10日にスタッド・ド・フランス(パリ郊外サンドニ市)で行われたW杯予選の第2戦で、フランスがセルビアを2−1で下し、勝てなければ辞任の可能性が高まったドメネク監督が当面、更迭を免れた。

 レキップ紙によると、もしセルビア戦で勝てなかった場合は、フランス・サッカー連盟(FFF)のエスカレット会長が試合後に緊急の幹部会を招集する予定だった。最悪の事態を逃れたドメネク監督は、同紙に「ホッとした」と語ったが、「想像していた通りのことをチームがやってくれた」と付け加え、自らの首がつながった安堵ではないと思わせるよう努めていた。

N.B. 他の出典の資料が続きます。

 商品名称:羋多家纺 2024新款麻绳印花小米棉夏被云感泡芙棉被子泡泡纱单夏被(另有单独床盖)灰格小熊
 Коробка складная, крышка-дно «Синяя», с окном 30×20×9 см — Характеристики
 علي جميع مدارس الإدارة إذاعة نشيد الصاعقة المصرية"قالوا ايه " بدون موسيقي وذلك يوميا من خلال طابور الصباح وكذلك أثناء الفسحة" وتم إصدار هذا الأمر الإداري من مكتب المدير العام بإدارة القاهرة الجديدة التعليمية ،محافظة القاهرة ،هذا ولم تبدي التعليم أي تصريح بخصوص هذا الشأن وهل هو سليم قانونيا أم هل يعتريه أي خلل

 まだ安心できる状態にないことは本人がいちばんよくわかっている。監督の座を死守したとはいえ、首の皮一枚。ユーロ2008のグループリーグ敗退にもかかわらず続投を許されたドメネク監督には、W杯予選最初の3試合で勝ち点5ポイントをあげることが条件づけられている。初戦が勝ち点0に終わったため、次のルーマニア戦(10月11日)にも連勝しなければならない。

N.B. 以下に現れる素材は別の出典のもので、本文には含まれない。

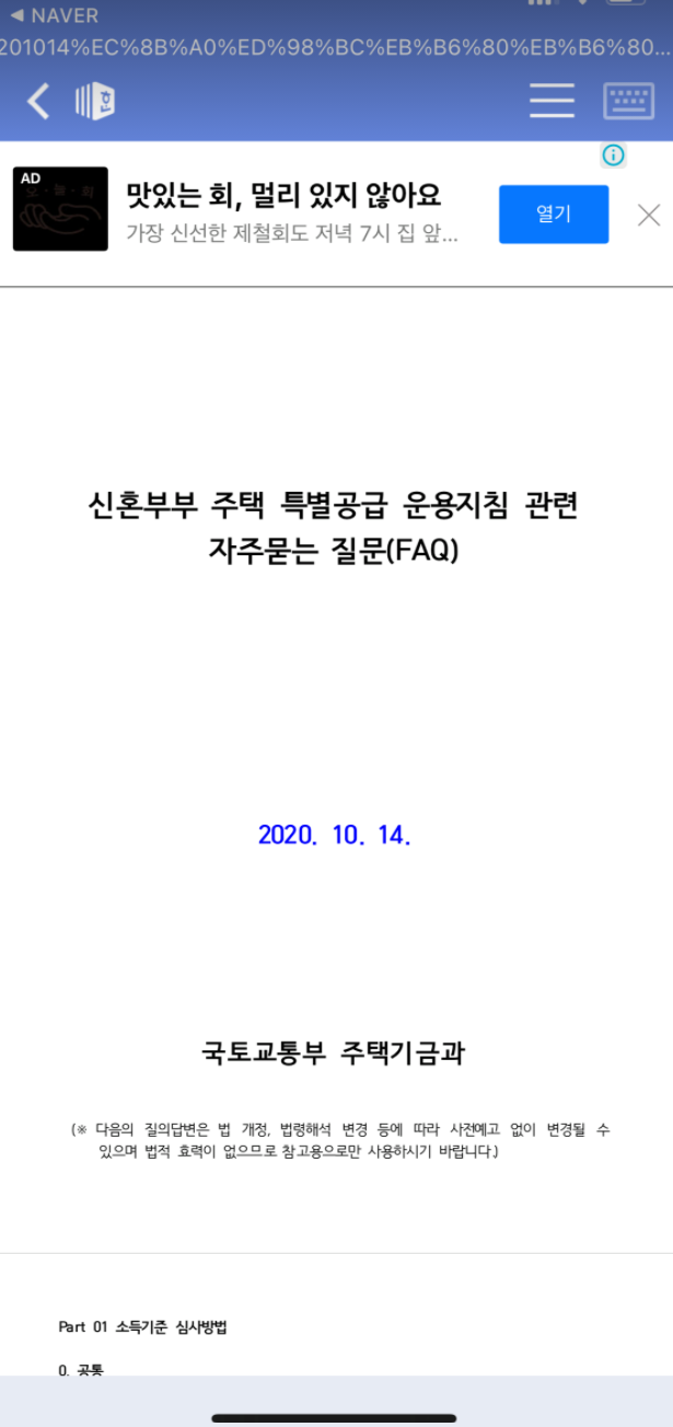 가운데 보이는 201014 신혼부부 주택 특별공급 관련 FAQ를 열어보겠습니다.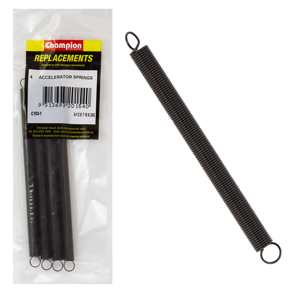 C103-1 | Champion 165 x 11 x 0.9mm Accelerator Spring-4pk Specifications Plain Finish Pack Size: 4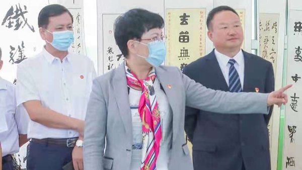 7月1日,十师北屯市党委副书记、师长、市人民政府党组书记、市长陈芳一行亲临书画展厅,在一幅幅书画作品前认真欣赏,与书画爱好者们热情互动交流,深入谈论作品的风格、内涵及表现手法,详细询问作者的有关情况并对作品给予高度评价。她说,此次活动的开展,既是对贯彻落实新时代党的治疆方略,特别是推动“文化润疆”工程深入实施的具体体现,也是展现中华优秀传统文化的源远流长、博大精深和各族人民精神面貌的大舞台,活动具有非常重要的时代价值与现实意义。通过活动的开展,要进一步弘扬时代精神,传承中华优秀传统文化,使“文化润疆”工程深入人心。
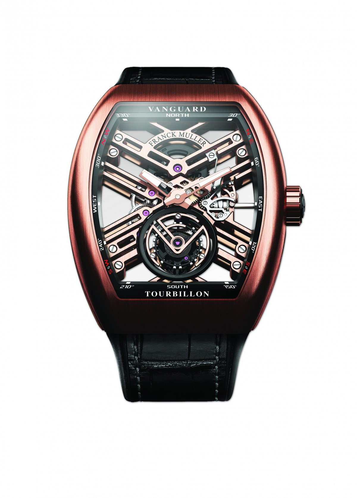 全新Vanguard Skeleton陀飛輪腕錶系列以精妙的鏤空設計,散發沉實而不失獨特的氣質,兼具動感與現代風範。腕錶的錶橋經手工完美拋光,錶廠自製機芯盡入眼簾。Vanguard Skeleton陀飛輪腕錶完全由FRANCK MULLER原廠設計及製造,彰顯品牌獨有的工藝熱忱與藝術細節。鏤空錶橋經精心設計以突出腕錶的結構,令人一見傾心。陀飛輪的上錶橋部分飾有品牌的縮寫字母,為腕錶展現無限活力。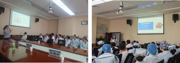 培訓會上,我院乳腺中心李賽男醫師對胸壁輸液港的植入及取出流程的難點、重點進行剖析。乳腺中心劉磊護士針對輸液港維護流程進行規范化培訓。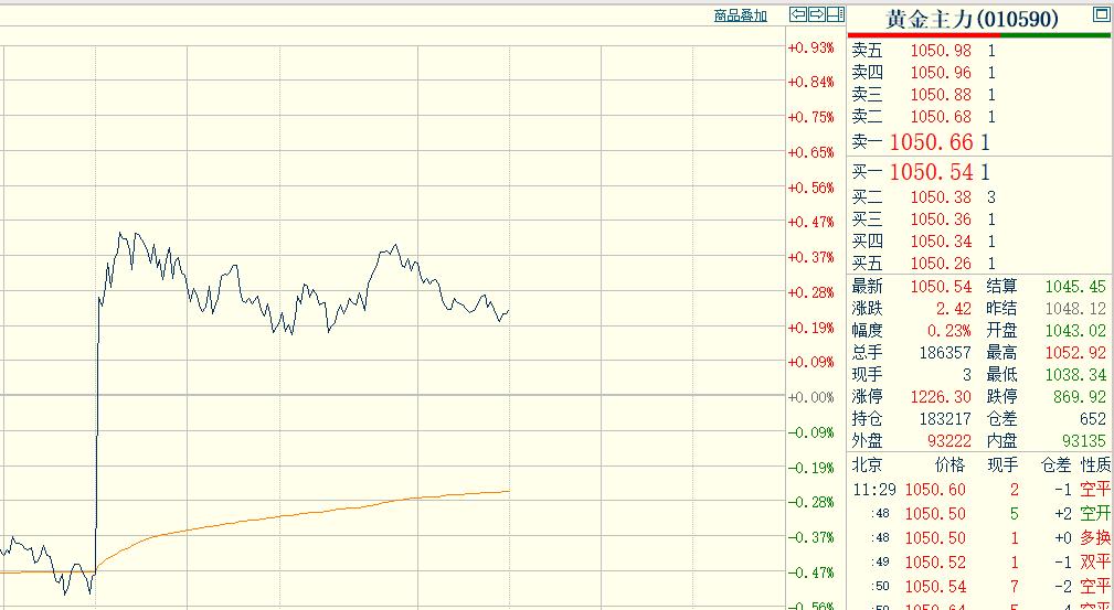 随着外盘的上涨, 日内恢复交易之后, 国内黄金期货直线拉升, 上午主力合约 最高升至1052.92元。 截止11:30分, 国内黄金主力合约 停收于1050.54元。 期货小褚认为本月 有突破1100的可能性!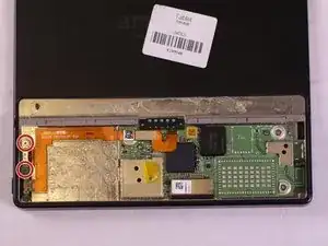 С помощью пинцета аккуратно поднимите ленту с разъёма питания-мостика. Если новый блок поставляется с новой лентой, снимите её полностью; если нет — снимите и положите один уголок лицевой стороной вниз на чистую поверхность, чтобы использовать повторно.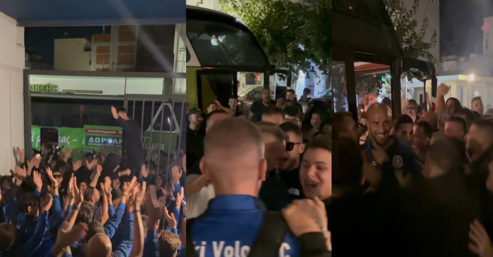 “Νάτοι, νάτοι οι πρωταθλητές” και “Έκανες τον Ηρακλή κουρέλι, Γκαραβέλη” δόνησαν την ατμόσφαιρα έξω από το “Π. Μαγουλάς” όταν έφτασε το λεωφορείο της βολιώτικης ομάδας.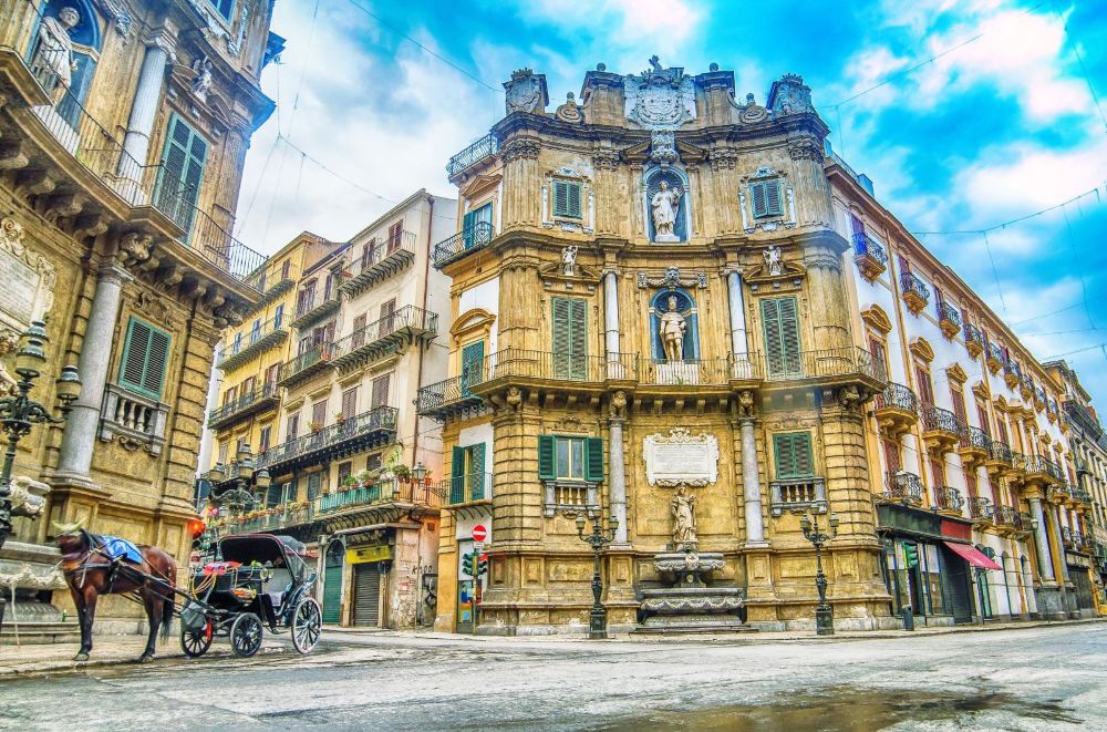 ▲ 四角場是巴勒莫老城的中心,位於Emanuele大街和Maqueda大街的交叉口,將老城的名勝古蹟分割成了四個區域。 交叉口的四角分別是半弧形的巴洛克建築立面,每座建築都有三層,從下至上分別是代表四季的噴泉雕塑、西西里的四位西班牙國王以及巴勒莫的四位守護者。

 加えて、メディアやサポーターの“ドメネク・バッシング”が収まりそうにないことも監督の立場を微妙にしている。最上階がガラ空きという異例の事態に見舞われたスタッド・ド・フランスには、試合前のメンバー発表でドメネク監督の名前がアナウンスされるや、大ブーイングが鳴り響いた。フランスが先制点をあげたときですら、監督の顔が大画面に映し出されると“ドメネク辞任!”のコールが響き渡った。

 ドメネク監督は、試合後の会見で外国人記者から「得点したときに、選手があなたと喜びを分かち合わなかったのはなぜ?」と質問を受けると、「(フランス語で質問されたにもかかわらず)セルビア語はわからない。次の質問は?」と苛立ちをあらわにした。観客に浴びせられたブーイングについても、「試合に集中していたので聞こえなかった」とかわしている。

 “ドメネク・バッシング”にはFFFも神経をとがらせている。レキップ紙によると、ゴール直後にドメネク監督の顔がアップで映し出されたことに苛立ったFFFの広報担当が、TF1局の中継スタッフに激しく詰め寄る場面も見られたという。観客のブーイングを招くことがわかっていながら、という言い分だろうが、八つ当たりと言わざるを得ない。